In 2008 I was lead facilitator of a Heritage Lottery funded project called
Leicester Jewish Voices. The brief was to collect memories of being Jewish in Leicester during the 1940s and 50s and to turn those memories into a book, a website and a touring display. Val Moore, the Head of
Writing School Leicester, managed the funding and I set about organising the collection and sorting of the memories. Our original idea was to run a small project. It turned out to be far bigger than either of us had expected.
This was a
Writing School Leicester project and so the emphasis was on writing rather than oral work. I decided not to run the writing workshops as I had known these people all my life. I needed someone from outside the community and I knew just the person,
Miriam Halahmy, an experienced workshop leader who I was sure that the contributors would love. Together we planned a series of themed workshops which were to form the nucleus of the project. We would be working with people who would not normally call themselves writers, including many elderly with sight and mobility problems. We planned a range of methods to keep things flowing; brain storming with flip chart and brightly coloured marker pens, fluorescent post-its for capturing those special sound-bites and scribes for any contributors who needed help.
My fears that we might encourage people to relive past pains, holocaust memories or wartime losses were soon banished. The project was full of laughter, warmth and friendship. Miriam was brilliant and I was right. The contributors loved her. She led a series of more formal workshops while I organised smaller discussion groups and one-to-one interviews. As non-writers, some contributors were initially reluctant to write but we only had to mention a word like ‘rationing’ or hold up a sepia wedding photograph and there was no stopping them. Our carefully planned themes were soon ignored but this was perfect. We were receiving stories that we could never have planned for because we didn’t know they existed. We were collecting priceless pieces of social history that would otherwise have been lost forever.
I was determined to reach a wider range of contributors than just those who were attending workshops. I used our original plans to develop a distance pack and sent out copies to anyone who expressed an interest. Word spread in a way that would not have been possible pre-Internet and I started to receive memories not only from all over the country but from all over the world too.
By the middle of the year we were working as a team; Miriam and Val with their invaluable writing experience, Glen Tillyard who organised the photography, scanning of old photos and the web design, George Ballentyne who helped with the checking and proof reading, Micky Wright who produced the cartoons and Ian Simons who is still in charge of delivering, setting up and maintaining the touring display. There was also a team of enthusiastic volunteers led by Judy Hastings who kept the whole project alive and buzzing.

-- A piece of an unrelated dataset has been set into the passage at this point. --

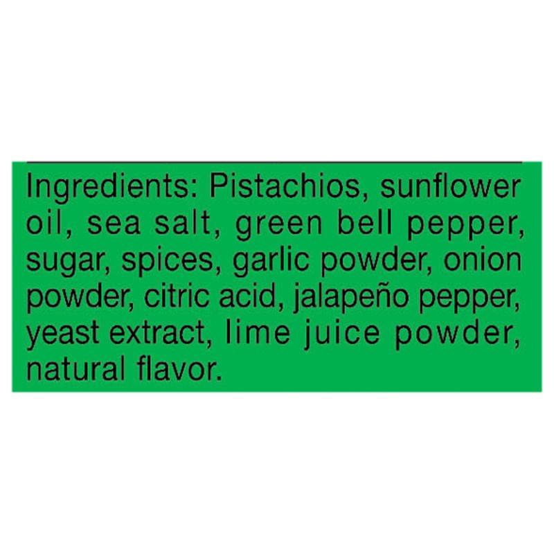 Pistachios, Sunflower Oil, Sea Salt, Green Bell Pepper, Sugar, Spices, Garlic Powder, Onion Powder, Citric Acid, Jalapeno Pepper, Yeast Extract, Lime Juice Powder, Natural Flavor.

The hardest part of the project for me was sorting the memories into a book. It took many weeks of reading, sifting, sorting and re-reading until slowly what had started out as random reminiscences emerged to tell a story of a small, self-contained community and the enormous upheaval it experienced in the 1940s when families of Londoners flooded into Leicester to escape the bombs. No one knows for sure how many Jewish people came to Leicester at that time. Many families spent the war here and then when their men were demobbed they returned to London. I managed to contact a few of these people and so was able to include a little of how being Jewish in Leicester felt for them. A large number of evacuees settled in Leicester, and it was these people, together with refugees from Europe, many of whom had experienced unspeakable atrocities, who helped to create the new, vibrant and diverse Leicester Jewish Community of the 1950s.
I now had the story but not quite the book. My previous writing experiences had ended here, with the typed manuscript being posted to the publishers, but this was different. With Val Moore's invaluable help we planned the pages, chapters, glossary, in fact all the parts of the book that I had previously taken for granted. Time was running short. With only two weeks to get the entire manuscript ready for sending to
Think plus Ink, a brilliant team of local book designers, much of the final checking and rechecking was done late into the night. Only when the manuscript was placed into their hands could I breath easily again. Within days they produced A3 proof sheets and for the first time we saw a real book emerging from the typed pages that I had spent so many hours agonising over. With their design eye and expertise we worked together to produce the professional, attractive book Jewish Voices. It was then that I knew that I had achieved my goal. I had a book of memories that would be of interest to more than just the family and friends of the contributors.